Mr. Muggs Steps Out is a 1943 American comedy film directed by William Beaudine and starring The East Side Kids.

==Plot==
Much to the despair of her husband John, wealthy New York socialite Margaret Morgan hires former criminals Masie O'Donnell and Butch Grogan to be her house servants. When she goes to court because her daughter Brenda has been arrested for reckless driving, Margaret is moved to hire Muggs, who has been arrested for vagrancy and being a public nuisance, after the judge insists that he get a legitimate job.

Now a chauffeur, Muggs brings the whole East Side Kids gang with him and puts them to work polishing cars. Muggs is instructed on proper etiquette, and when an engagement party is held for Brenda and her conservative fiancé Virgil, Muggs and the gang serve the food. At the end of the evening, one of the guests discovers that her diamond necklace is missing, and John accuses the East Side Kids of the theft. However, everyone recalls seeing a stranger at the party, whom Maisie now remembers as someone she met at Danceland, a dance hall on the lower East Side.

Muggs convinces John not to call the police until he and the boys have had a chance to investigate. Maisie goes downtown to Danceland with Brenda, who dresses up like a gangster's moll in order to fit in. They meet with gangster Dips Nolan and learn that he plotted the jewelry heist with Diamonds, who was the stranger at the party. Nolan becomes suspicious when naïve Virgil, who has followed Brenda to the dance hall, uses her real name and asks him to throw a fake fight so that he can prove his manhood. Nolan instead knocks Virgil out and kidnaps Brenda.

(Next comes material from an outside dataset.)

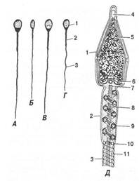 Мал. Будова сперматозоонів: А — бугая; Б — жеребця; В — барана; Г— кнура; Д — ультрамікроскопічна будова голівки і зв'язуючого відділу; 1 — голівка; 2 — зв'язуючий відділ; З — хвостик; 4 — акросома; 5 — ядро; 6 — проксимальна й 7 — дистальна центріолі; 8 — осьова нитка; 9 — мітохондріальна спіраль; 10 — центральне кільце; 11 — товсте волокно На стадії дозрівання відбувається редукція (зменшення) кількості хромосом внаслідок двох поділів мейозом. У результаті першого поділу мейозом з кожного сперматоцита І порядку утворюється два сперматоцити II порядку з гаплоїдним набором хромосом. У результаті другого поділу мейозом із сперматоцитів II порядку утворюється дві сперматиди також з гаплоїдним набором хромосом. Половина утворених сперматид має у своєму ядрі серед гаплоїдного набору хромосом тільки Х-статеву хромосому, друга половина — Y- статеву хромосому. На стадії формування сперматиди перетворюються на зрілі сперматозоони, які зовні вкриваються захисною вуглеводно-білковою оболонкою, набувають однойменного заряду в каналі придатка сім'яника та здатність до самостійного руху. Тривалість сперматогенезу в різних видів тварин неоднакова: у бугая вона дорівнює 62—63 доби, у барана — 47—48, у кнура — 39—40 діб. Кількість і якість сперми, активність у ній сперматозоонів залежать від різних чинників: годівлі, рівня радіації, температури, гіподинамії, гормонів, захворювань, травм. У консервуючих сумішах сперматозоони можуть довго зберігати свою життєздатність. Ця якість сперматозоонів використовується для штучного осіменіння тварин. У деяких дослідах сперма бугая в замороженому стані зберігалася 25 років, барана — 11 років, кнура — 3 роки. Це має значення для збереження генофонду рідкісних видів тварин.

Muggs and Glimpy, meanwhile, see Diamonds leave for the dance hall and search his apartment. Although they find nothing, Diamonds and Nolan return with Brenda, and the entire East Side Kids gang captures the criminals and retrieves the diamonds. Later, Brenda is pleased to find that Virgil's East Side adventure has transformed him into a more confident and adventurous person.

==Cast==

===The East Side Kids===
- Leo Gorcey as Ethelbert 'Muggs' McGinnis
- Huntz Hall as Glimpy Freedhoff
- Billy Benedict as Pinky (a.k.a. Skinny)
- Bobby Stone as Speed
- Buddy Gorman as Skinny
- David Durand as Danny
- Jimmy Strand as Rocky

===Additional Cast===
- Gabriel Dell as Dips Nolan
- Joan Marsh as Brenda Murray
- Patsy Moran as Maisie O'Donnell
- Eddie Gribbon as Butch Grogan
- Halliwell Hobbes as Charney, the Butler
- Stanley Brown as Virgil Wellington Brooks III
- Betty Blythe as Margaret Murray
- Emmett Vogan as John Murray
- Nick Stuart as Diamond Hamilton
- Noah Beery as Judge
- Lottie Harrison as Elizabeth, the Dowager
- Kay Marvis as Dancer
- Charles McMurphy as Cop (uncredited)

===Notes===
- Buddy Gorman and Jimmy Strand join the East Side Kids.
- Leo Gorcey's wife Kay Marvis appears briefly as a dancer.